Well, huh -- this one sure has one heck of a premise, huh?
I think, overall, I enjoyed it, even if there were a lot of little things that annoyed me. In the BTS track, Colin Baker says something to the effect that maybe they're "just fooling themselves" that they're pulling off American accents convincingly. And, well... yeah. Kind of. I also think the voices didn't really fit the characters. Boothe, in particular, came across as more of a theatrical dilettante -- which may be more accurate, I don't know, but it didn't really make him seem very threatening.
And not to rehash my comments from the Doomwood Curse thread, but it was interesting to see here which racial slurs Big Finish felt were acceptable to use (eskimo) and which were not--hence the euphemism "cotton-picker" delivered with such emphatic vitriol in one particularly memorable moment.
But the main thing that got to me was just how badly the story seemed to understand American history. Hrm, I don't want to spend too much time getting into it, but the failures of the post-war reconstruction are kind of a big deal over here, yeah? We're still dealing with the fallout from that today. The notion that Abraham Lincoln surviving to finish out his term would have somehow set back the civil rights movement in this country is laughably absurd.

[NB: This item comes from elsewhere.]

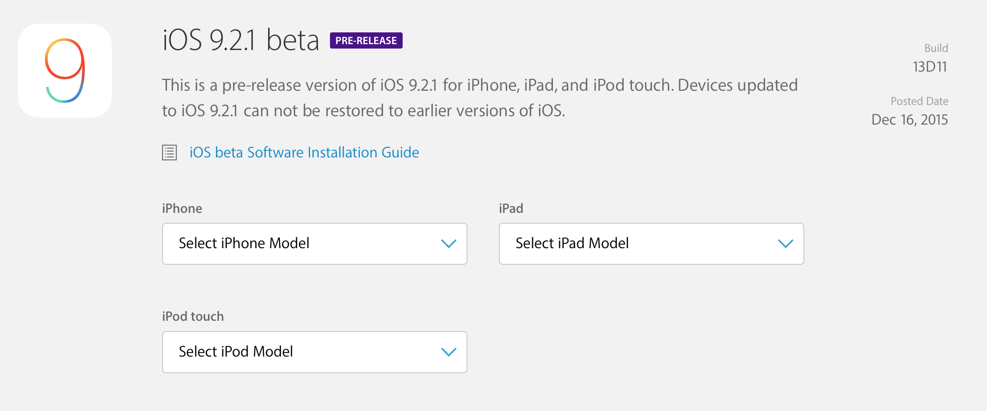 اولین نسخه آزمایشی iOS 9.2.1 برای توسعه‌دهندگان عرضه شد
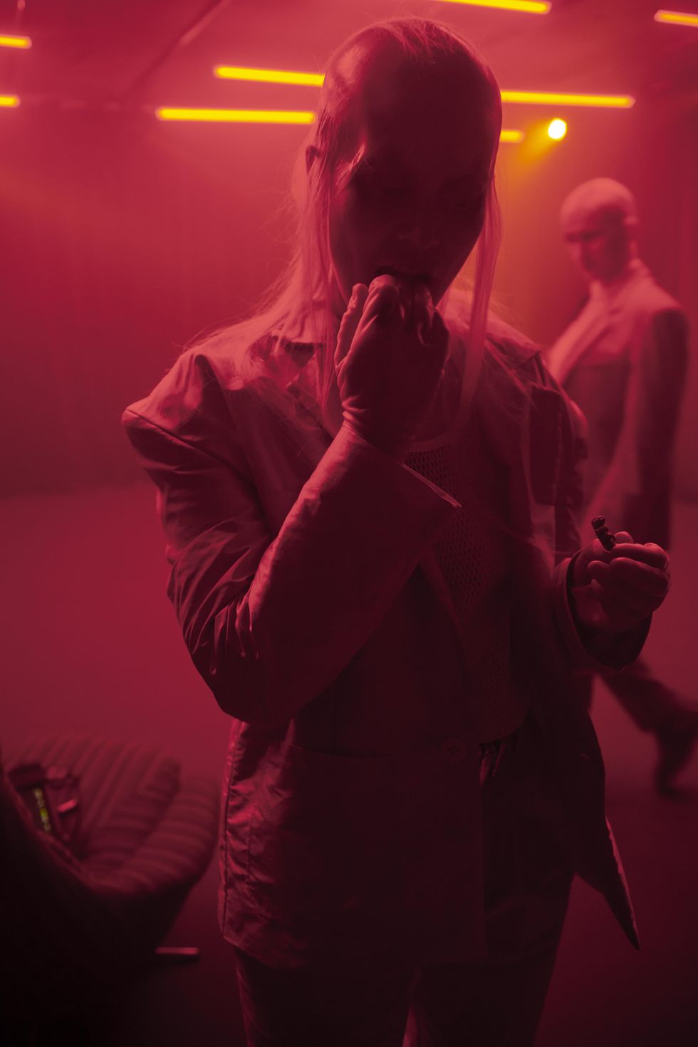Karin Dreijer preparing for their dancing scene, choreographed by Agnieszka Dlugoszewska.

No, it's the opposite. And then, further, the aliens big evil plan is to somehow murder a single woman, and by doing so trigger Lincoln to wage a second civil war? Yeah, that's a total impossibility.
All in all it kind of reminded me of the 13th Doctor's story, Rosa, in that it similarly placed its (white) time-travelers in the position of needing to uphold white supremacy in order to "preserve the timeline." All the while ignoring the actual and fairly well-known historical context. This attempt to morally justify Lincoln's assassination is... profoundly discomforting. And unnecessary. Part of what makes Doctor Who -- or time travel in general -- interesting in the first place is that the "laws of time" (or cause-and-effect) are bigger than morality. The argument for not going back in time and killing Hitler, for example, is not that... Christ, by this story's logic, killing Hitler would, I dunno, increase anti-semitism in the 21st century or something... it's that killing Hitler would wipe out an enormous change of events with vast and unknowable consequences. Maybe it would produce a better timeline, maybe a worse one, but rolling the dice to see is unconscionable, nevermind the impossibility of determining the correct metric on which to base that assessment.

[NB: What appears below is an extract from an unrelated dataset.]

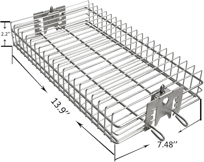 onlyfire 6042 Chrome Plating Steel Flat Grill Rotisserie Basket for Most Grills, Fits 1/2" Hexagon, 3/8" Hexagon, 3/8" Square & 5/16" Square Spit Rods
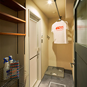 朝の忙しない時こそ、快適な洗面室で身支度をしたいもの。つい雑然としてしまう洗面周りは細部に拘り、ステンレスで統一された設備や小物で清潔感を生み出します。

And then there's always the definitive Doctor Who quote from Genesis of the Daleks: "Have I the right?"
Imagine if that story had the Doctor motivated to preserve Davros' creation of the Daleks, because not doing so would result in the production of Super Daleks.
Right, right. I know, I know. You don't have to tell me. I sometimes find myself insufferable, too. At least you can just skim the text, without this nonsense rattling around your skull all day!

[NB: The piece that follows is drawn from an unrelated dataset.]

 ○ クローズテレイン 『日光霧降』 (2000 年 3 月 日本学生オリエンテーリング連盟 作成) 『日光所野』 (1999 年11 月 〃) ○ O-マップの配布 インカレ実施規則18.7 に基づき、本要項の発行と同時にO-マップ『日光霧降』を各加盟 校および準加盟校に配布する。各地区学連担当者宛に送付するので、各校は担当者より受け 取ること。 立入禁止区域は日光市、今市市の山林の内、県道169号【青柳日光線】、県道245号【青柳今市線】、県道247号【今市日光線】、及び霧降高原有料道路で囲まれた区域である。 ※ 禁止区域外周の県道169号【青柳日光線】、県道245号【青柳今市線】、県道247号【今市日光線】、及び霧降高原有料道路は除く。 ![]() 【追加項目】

Anyway, while these elements of the story were pretty... distracting, I think, is the word I'll use... I do think they're very much accidental. This seems like a story where they (Big Finish) didn't really have a strong idea of where they wanted it. Placing it in 1865 American seems like a last-minute choice. In the BTS track, they mention originally setting it around the assassination of John Lennon, before changing it. And while I don't see how Lennon's death would have made any more sense than Lincoln's w/r/t being somehow "necessary," their next choice was the Kennedy assassination which definitely makes more sense. I don't necessarily think JFK's death necessarily produced the dramatic damage Lincoln's did (RFK's assassination, on the other hand...) but I think it's fair to say that, given the fierce volatility and unpredictability of the Cold War, and the 1960s in general, it would be much easier to argue that JFK's survival could have pretty devastating consequences.